Human epidermal growth factor receptor-2, Oestrogen receptor, Progesterone receptor

The MC is a special type of breast cancer that presents with a large amount of extracellular mucin. It comprises 4% (1-7%) of all invasive breast cancer (1). MC is also called colloid breast cancer characterised by nests of cells floating in lakes of mucin partitioned by delicate fibrous septae containing capillary blood vessels (2). It is divided into two subtypes: PMC and MMC (3). Hormone receptors and HER2 status play an important role in prognosis and management (4).

Mucins are high molecular-weight glycoproteins having oligosaccharides attached to serine or threonine residues of the mucin core protein backbone by O-glycosidic linkages. MUC2 expression is associated with the less aggressive biological properties of MC than invasive ductal carcinoma through the production of abundant extracellular mucin forming the characteristic configuration, since MUC2 is a gel-forming secretory mucin (5). PMC classified into two main types according to its structural and cytological features: type A (paucicellular), the classical variant with a large amount of extracellular mucin, and type B (hypercellular), a hypercellular variant with less mucin and often with neuroendocrine differentiation (6). MUC2 is not expressed in the normal breast, however expressed in 1/3rd of Ductal Carcinoma In-situ (DCIS) and Lobular Carcinoma In-situ (LCIS) lesions and in invasive breast cancer and reviewed in implicating MUC2 in cancer progression (7).

Study Objectives

• To study pathologic features of MC of breast.
• To determine features of PMC and MMC.
• To understand immunohistochemical role of MC of breast with literature correlation for prognosis.

Material and Methods

A retrospective study of patients, who presented with breast cancer was studied at Department of Pathology, Karnataka Institute of Medical Sciences, Hubballi, Karnataka, India. The study was analysed in June 2002 and authors included data from January 2021 to June 2022. All procedures performed in the current study were approved by Institutional Ethical Committee in accordance with the 1964 Helsinki declaration and later amendments (IEC Approval number 412/2020-2021, Date 22/01/2021).

Inclusion and Exclusion criteria: The patients in whom the diagnosis of MC of breast (both PMC and MMC) was given on histopathology were only included in the study. Patients of breast cancer of other pathological types were excluded from the detailed study.

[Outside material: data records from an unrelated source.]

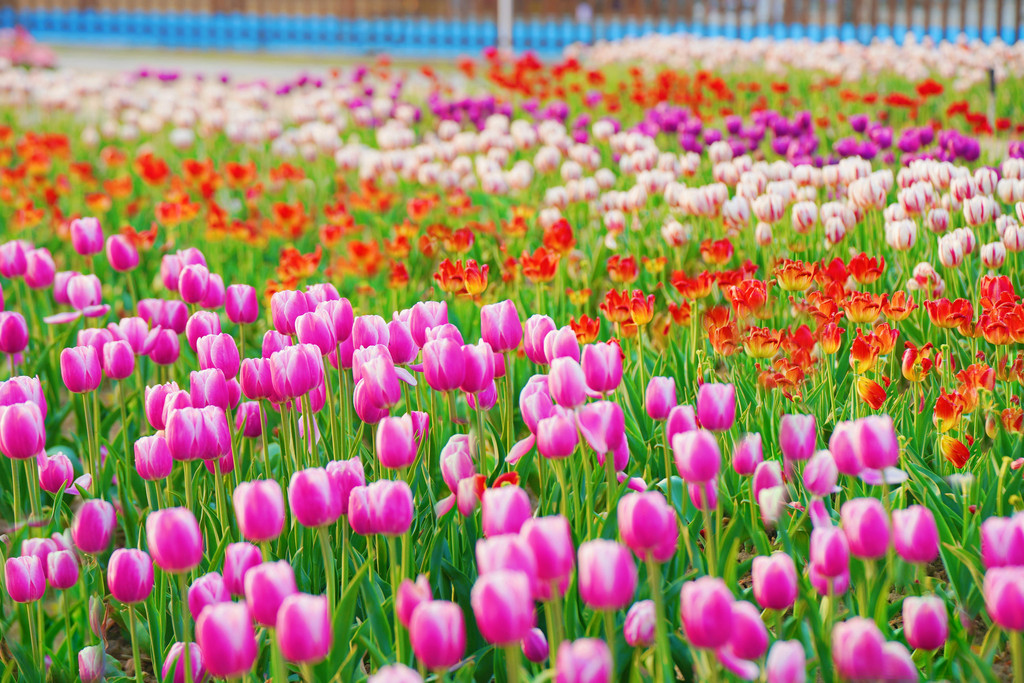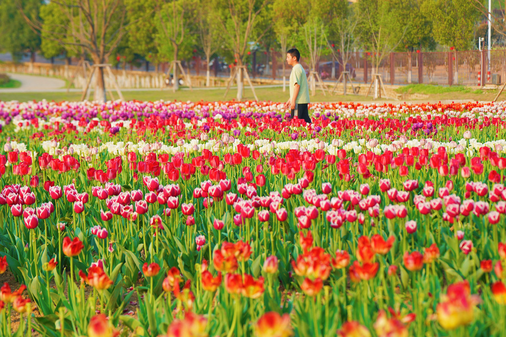 在夕阳的照射下,形态各异,五彩缤纷的各色郁金香,芬芳吐蕊,一派生机盎然的景象,美得令人陶醉。
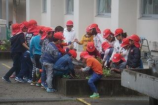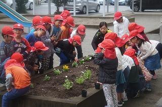 ここ最近は、天候不良が続き、参観日までに植え替えができませんでした。保護者の皆様も気になっていたことと思いますが、安心してください。植えてますよ(^_^)
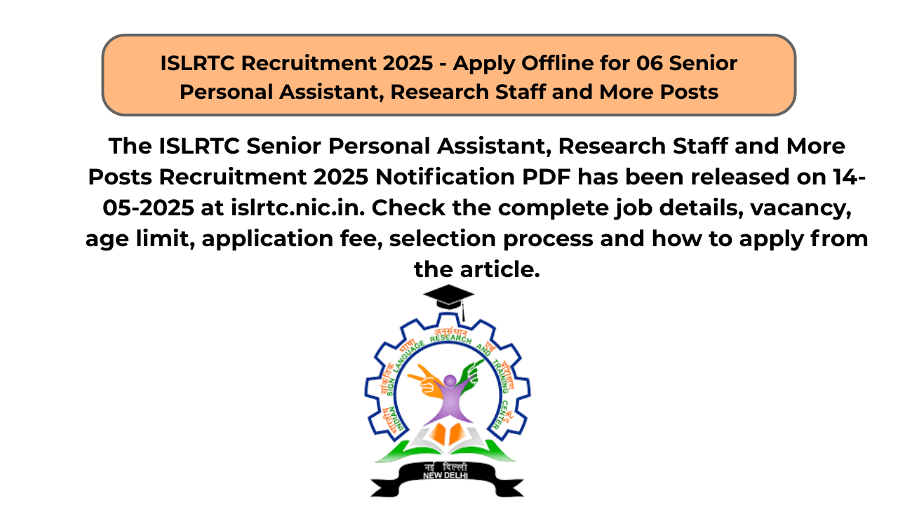 ISLRTC Recruitment 2025 – Apply Offline for 06 Senior Personal Assistant, Research Staff and More Posts
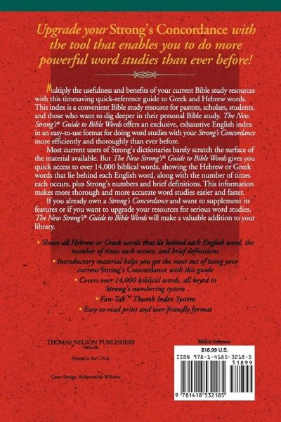 Get more mileage out of your Strong's Concordance with this English Word Index Every one of the millions of users of Strong's Exhaustive Concordance can now multiply its usefulness and benefit from the exclusive English Word Index created by Thomas Nelson. A convenient addition to Bible study resources for pastors, scholars, students, and those who want to dig deeper in their personal Bible study, this index offers an easy-to-use format for doing word studies more efficiently and completely. The New Strong's(R) Guide to Bible Words helps you get the full benefit of your current Bible study resources-giving you access to over 14,000 biblical words, showing all Hebrew or Greek words that lie behind each English word, along with the number of times each occurs, Strong's numbers, and brief definitions. If you own a Strong's Concordance, you'll want the New Strong's(R) Guide to Bible Words. If you want to do serious word studies, you won't want to be without this valuable tool.

The data included the age at presentation, gender of the subjects, TNM staging, LN metastases based on histopathological data, ER, PR, HER2 (HER2/neu), and MUC2 status. All the cases satisfying inclusion and exclusion criteria were included in the study.

Study Procedure

A brief history of illness was obtained from request forms. The specimens were than fixed in 10% neutral buffered formalin. Sections from representative areas were taken and paraffin blocks were made following standard protocol. Four micron sections were cut-stained with Haematoxylin and Eosin (H&E) according to standard procedures.

Diagnosis of MC was rendered based on histological features, i.e., nests and clusters of tumour cells floating in pools of extracellular mucin. IHC stains (supplied by PathnSitu Biotechnologies) were applied to evaluate ER, PR, HER2/neu, and MUC2 status. More than 1% nuclear expression of ER and PR in tumour cells was taken positive. For HER2/neu, strong and complete membranous expression in more than 10% tumour cells was labelled as positive. MUC2 positivity was indicated when more than 10% of tumour expressed. In addition, subcellular localisation of MUC2 expression was assigned as follows: luminal/apical, luminal/apical +cytoplasmic, and membranocytoplasmic expressions.

Statistical Analysis

Data was entered into Microsoft excel data sheet and was analysed using Statistical Package for the Social Sciences (SPSS) software, version 22.0 (IBM SPSS Statistics, Somers NY, USA). Normality of the continuous data, was tested by Kolmogorov-Smirnov test and the Shapiro-Wilk test. Continuous data was represented as mean and standard deviation. Categorical data was represented in the form of frequencies and proportions. Independent t-test was used as test of significance to identify the mean difference between two quantitative variables. Chi-square test was used as test of significance for qualitative data. The p-value (probability that the result is true) of <0.05 was considered as statistically significant, after assuming all the rules of statistical tests.

Results

A total of 245 patients reported as invasive breast cancer during 18 months of study period, out of which 12 cases diagnosed as MC were taken in study. Then specimen was examined grossly and microscopically (Table/Fig 1).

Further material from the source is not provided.